一部のフィルタルール(アクションが block または allow のルールなど)は安全性が高く、悪用される可能性が低いと判断されました。また、広告ブロックのフィルタルールの大部分を占めています。これに基づいて、私は Web Extensions コミュニティ グループで、低リスクと見なし、最大 30,000 件のルールを定義するための提案を下書きして共有しました。パフォーマンスの低下を避けるために、上限は引き続き設定されます。

この提案は Web Extensions コミュニティ グループでサポートされたため、導入しました。Chrome 121 以降では、ルールの上限である 30,000 ルールが安全な DNR ルールに適用されます。これは、blockallowallowAllRequestsupgradeScheme のアクションを含むルールとして定義しています。

AdGuard が共有するデータによると、ルールの 98 ~ 99% がこの制限の引き上げによるメリットがあると考えられます。残りのルールは引き続きサポートされ、既存の上限内で追加できます。

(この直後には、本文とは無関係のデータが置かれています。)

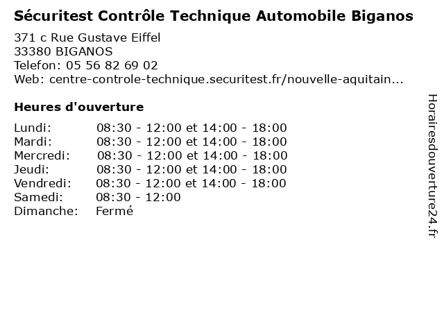 1 Garage AGM Automobile - Autofit (Distance: 0,06 km) 2 bis rue Gustave Eiffel, 33380 Mios agm, autofit, automobile, entretien, garage, réparation, vidange 2 Centre contrôle technique DEKRA (Distance: 0,46 km) 164 Avenue de la Côté d'Argent, 33380 Biganos 4x4, camping car, centre, collection, contrôle, dekra, diesel, electrique, essence, gazole, gpl, suv, technique, utilitaire, voiture 3 Auto Securitas - Contrôle Technique Marcheprime (Distance: 10,21 km) 9 Rue de la Silice, 33380 Marcheprime auto, contrôle, examen, marcheprime, securitas, technique, visite, véhicule 4 AS Auto Sécurité Contrôle technique Salles (Distance: 11,88 km) 4 Route Du Martinet, 33770 SALLES as, auto, contrôle, salles, sécurité, technique 5 AS Auto Sécurité Contrôle technique Le Barp (Distance: 13,41 km) 3 Rue Andre Brun, 33114 LE BARP as, auto, barp, contrôle, le, sécurité, technique 6 Sécuritest Contrôle Technique Automobile La Test De Buch Arcachon Parking Grand Frais (Distance: 14,32 km) 8 Avenue De Binghamton, 33260 LA TESTE DE BUCH arcachon, automobile, buch, contrôle, de, frais, grand, la, parking, sécuritest, technique, test |
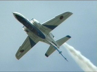 はいでました、問題の課目、パラレルハイロール。パラレル〜って言葉は、航空祭ではT-2時代以来すっごい久しぶりに聞きました。この課目自体、公式展示では初めて見たな。あとはDVDとかLDとか・・・ノエビアのCMとか・・・は使い回しだったか。(笑)
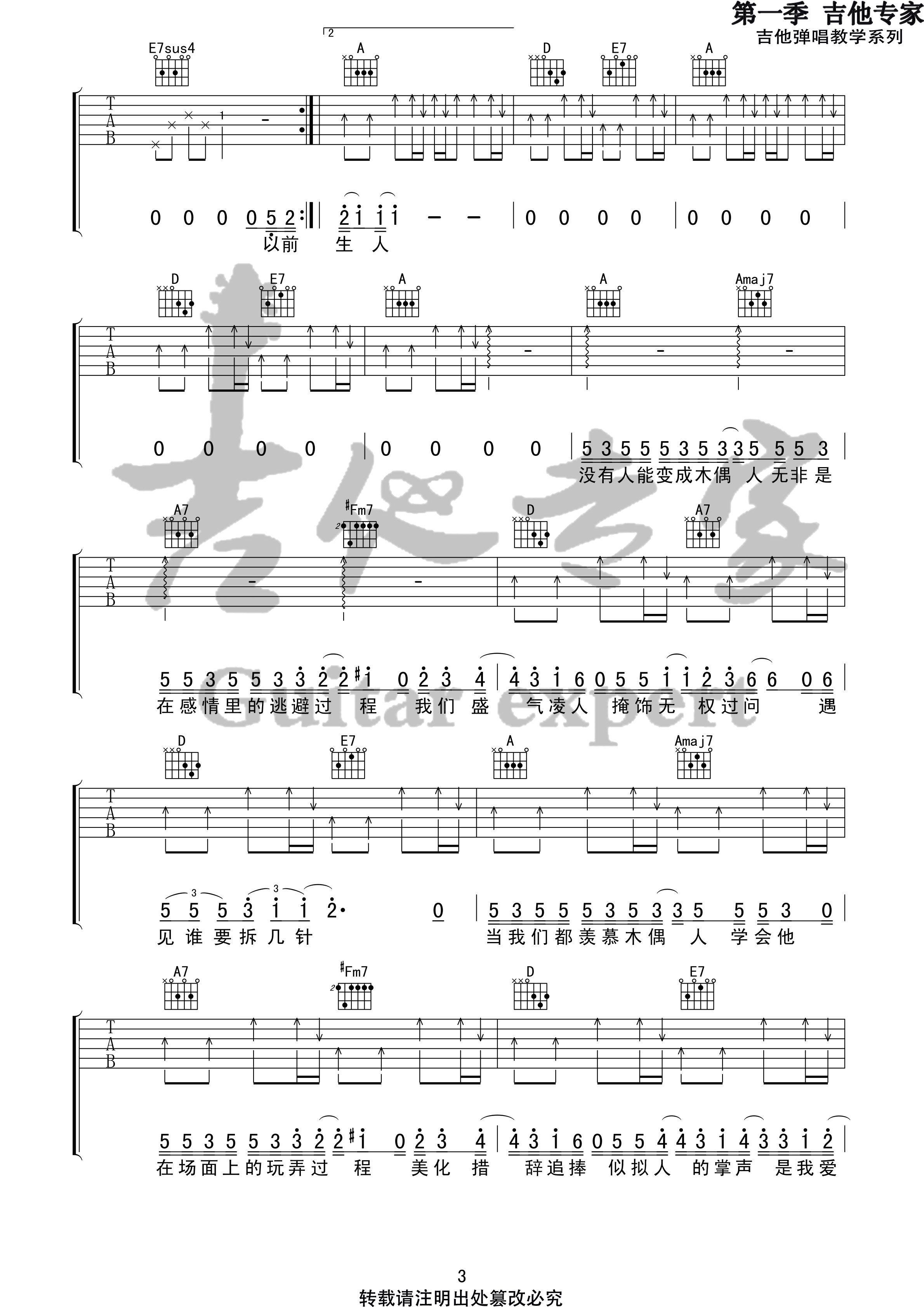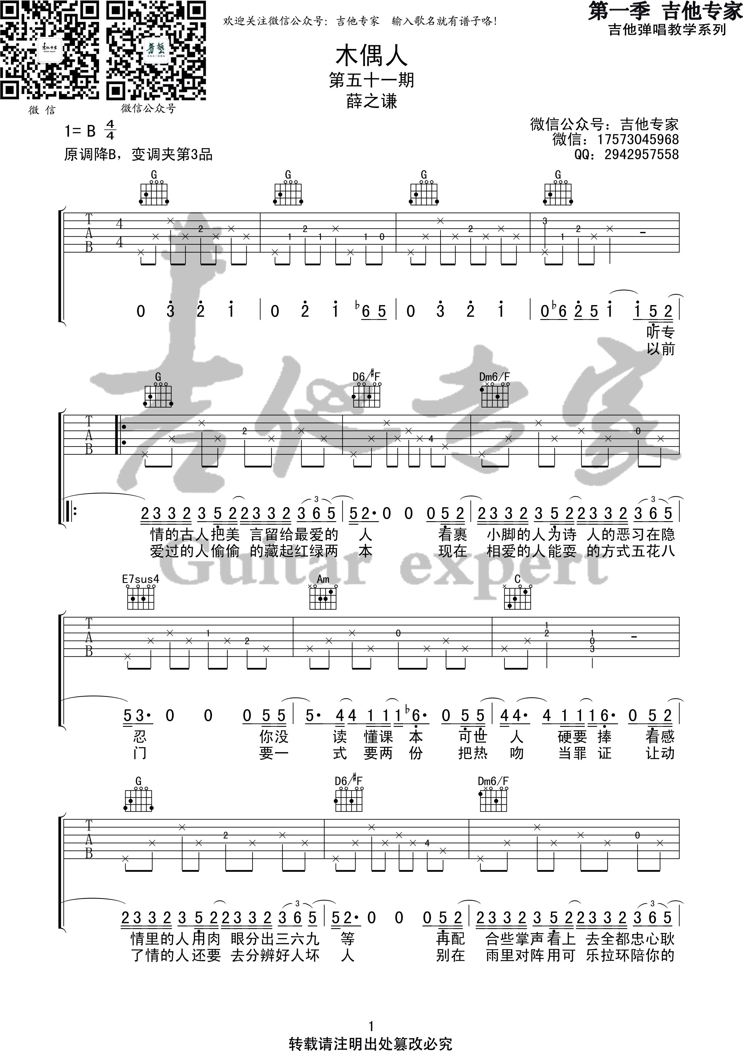 曲谱介绍: 木偶人吉他谱,薛之谦演唱歌曲,G调指法版吉他弹唱谱,来自吉他专家编配六线谱,高清4张图谱。这首歌的编曲很有特色,变音递进很有味道,主歌到副歌部分有转调,为了适合吉他弹唱删减了一些内容。 有多少爱而不得的人, 都沦为被心灵操控的木偶?木偶虽然不会哭,但是也不会孤独。

これは Chrome では MAX_NUMBER_OF_DYNAMIC_RULES 定数として利用できます。他のすべての動的ネット リクエスト ルールのルールの上限は 5,000 のままです。

ルールセットのサイズを縮小

Chrome 118 では、コミュニティからのフィードバックに基づいて、isUrlFilterCaseSensitive フィールドのデフォルト値を false変更しました。このフィールドでは、URL でフィルタするルールで大文字と小文字が区別されるかどうかが決まります。Google はほとんどのデベロッパー様において、拡張機能のデフォルトとは異なるデフォルト値を設定していることがわかっています。そのため、値を何度も設定しなければなりませんでした。この変更により、デベロッパーはルールセットのサイズを大幅に削減できます。

次のステップ

Google は、今後も declarativeNetRequest API に投資を続けることで、できるだけ多くのユースケースをサポートできるようにしたいと考えています。今後もコミュニティと協力して作業を続けていく予定です。特に、この取り組みの原動力となった大量のデータを共有してくれた AdGuard や、この API の設計に大きく貢献したすべてのブラウザ ベンダーを含め、WECG の活動に関わってくださった WECG のメンバーに感謝の意を表します。

Google は、必要に応じて設定を調整し、上限を引き続き見直してまいります。これをサポートするために、近い将来、この取り組みの一環として収集したデータの一部を共有する予定です。さらに、PDF ビューア拡張機能でよく見られるレスポンス ヘッダーとの照合機能などの追加機能にも取り組んでいます。どのような場合でも、Google は今後も自分たちの取り組みをお伝えするとともに、アイデアについて話し合い、今後目指したいことについて調整する場として、Web Extensions コミュニティ グループを定期的に利用していきます。